= Beginning of Section =

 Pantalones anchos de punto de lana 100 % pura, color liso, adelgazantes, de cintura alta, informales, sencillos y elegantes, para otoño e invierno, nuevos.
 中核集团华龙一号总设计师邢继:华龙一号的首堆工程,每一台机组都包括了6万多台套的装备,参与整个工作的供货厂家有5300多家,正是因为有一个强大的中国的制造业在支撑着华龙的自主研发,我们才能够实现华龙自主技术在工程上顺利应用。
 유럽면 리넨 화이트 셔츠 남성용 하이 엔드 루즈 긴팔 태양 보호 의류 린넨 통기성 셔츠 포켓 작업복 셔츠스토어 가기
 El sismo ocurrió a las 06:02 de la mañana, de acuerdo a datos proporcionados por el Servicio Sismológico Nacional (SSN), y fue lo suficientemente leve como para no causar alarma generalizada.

= End of Section =
= Beginning of Section =

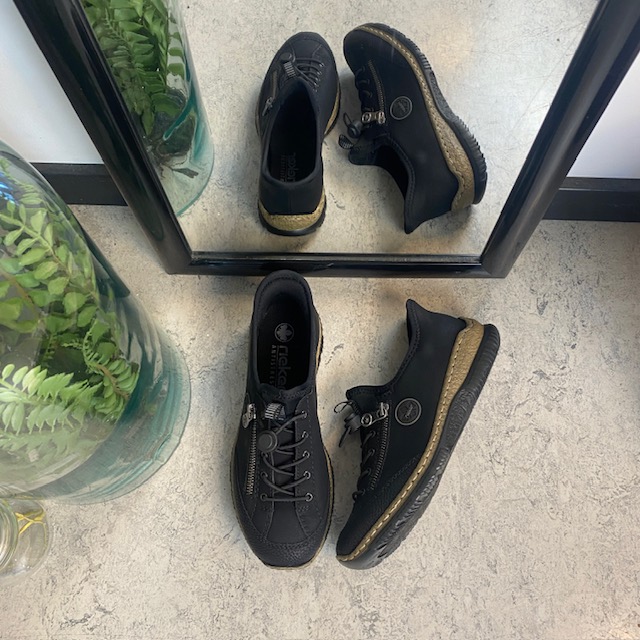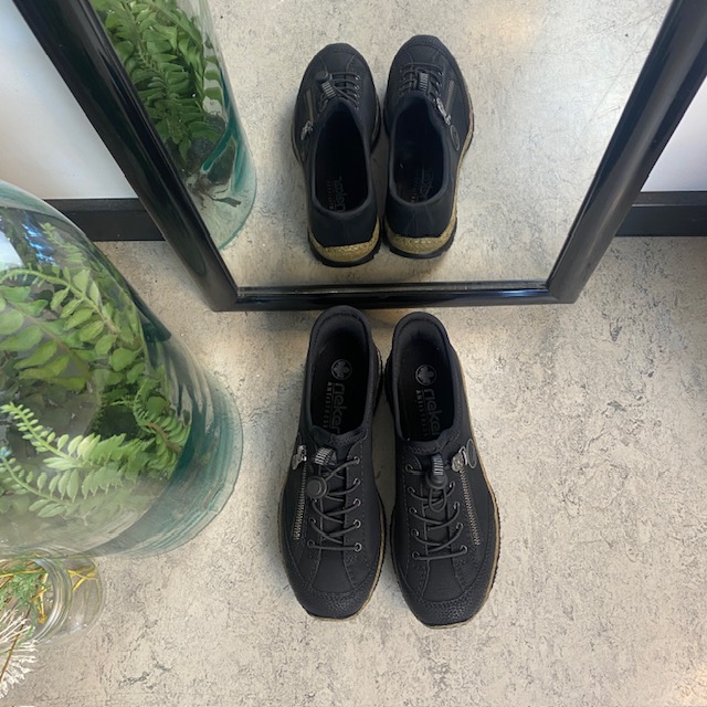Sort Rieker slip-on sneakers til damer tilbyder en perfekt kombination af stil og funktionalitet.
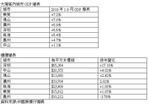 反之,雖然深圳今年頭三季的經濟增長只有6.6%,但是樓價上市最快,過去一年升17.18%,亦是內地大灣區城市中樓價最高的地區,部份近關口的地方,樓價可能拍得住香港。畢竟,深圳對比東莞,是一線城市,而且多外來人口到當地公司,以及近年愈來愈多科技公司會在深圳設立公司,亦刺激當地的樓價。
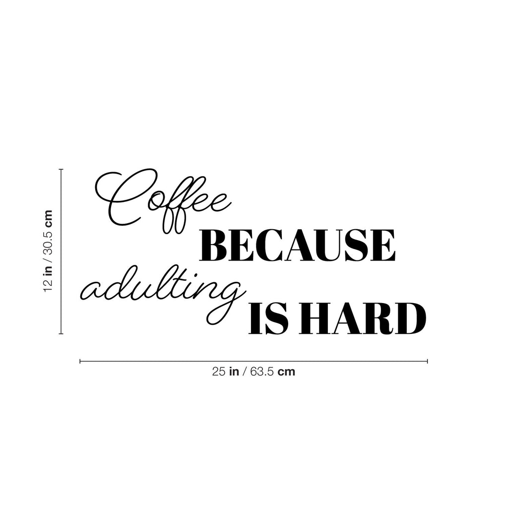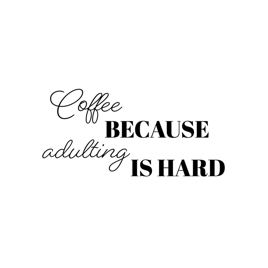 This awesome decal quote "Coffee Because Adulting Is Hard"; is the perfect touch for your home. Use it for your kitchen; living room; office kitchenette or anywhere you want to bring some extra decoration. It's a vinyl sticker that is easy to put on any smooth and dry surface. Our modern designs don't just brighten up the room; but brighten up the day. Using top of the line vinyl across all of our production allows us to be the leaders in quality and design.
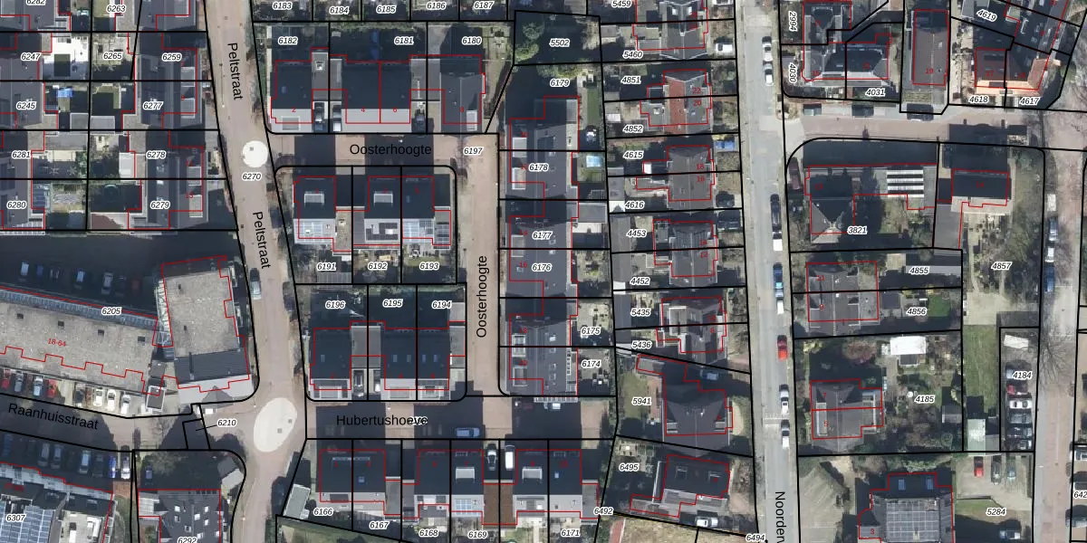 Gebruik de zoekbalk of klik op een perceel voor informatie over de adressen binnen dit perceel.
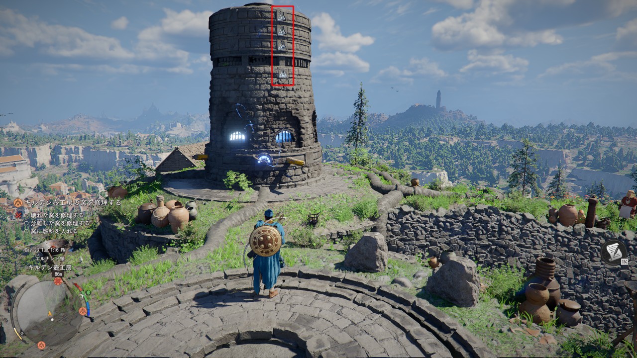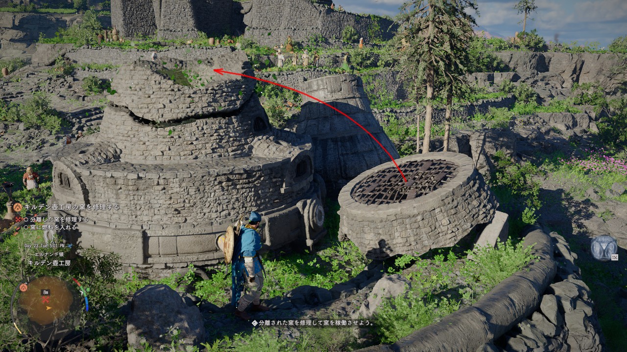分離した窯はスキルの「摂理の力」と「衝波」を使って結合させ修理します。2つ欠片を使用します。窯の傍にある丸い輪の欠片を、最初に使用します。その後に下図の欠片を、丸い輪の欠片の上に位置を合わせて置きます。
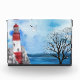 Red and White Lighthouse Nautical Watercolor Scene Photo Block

= End of Section =

Beginning at the line above with "Pantalones anchos de" and finishing at the line with "유럽면 리넨 화이트 셔츠", return each line exactly and return nothing else.

 Pantalones anchos de punto de lana 100 % pura, color liso, adelgazantes, de cintura alta, informales, sencillos y elegantes, para otoño e invierno, nuevos.
 中核集团华龙一号总设计师邢继:华龙一号的首堆工程,每一台机组都包括了6万多台套的装备,参与整个工作的供货厂家有5300多家,正是因为有一个强大的中国的制造业在支撑着华龙的自主研发,我们才能够实现华龙自主技术在工程上顺利应用。
 유럽면 리넨 화이트 셔츠 남성용 하이 엔드 루즈 긴팔 태양 보호 의류 린넨 통기성 셔츠 포켓 작업복 셔츠스토어 가기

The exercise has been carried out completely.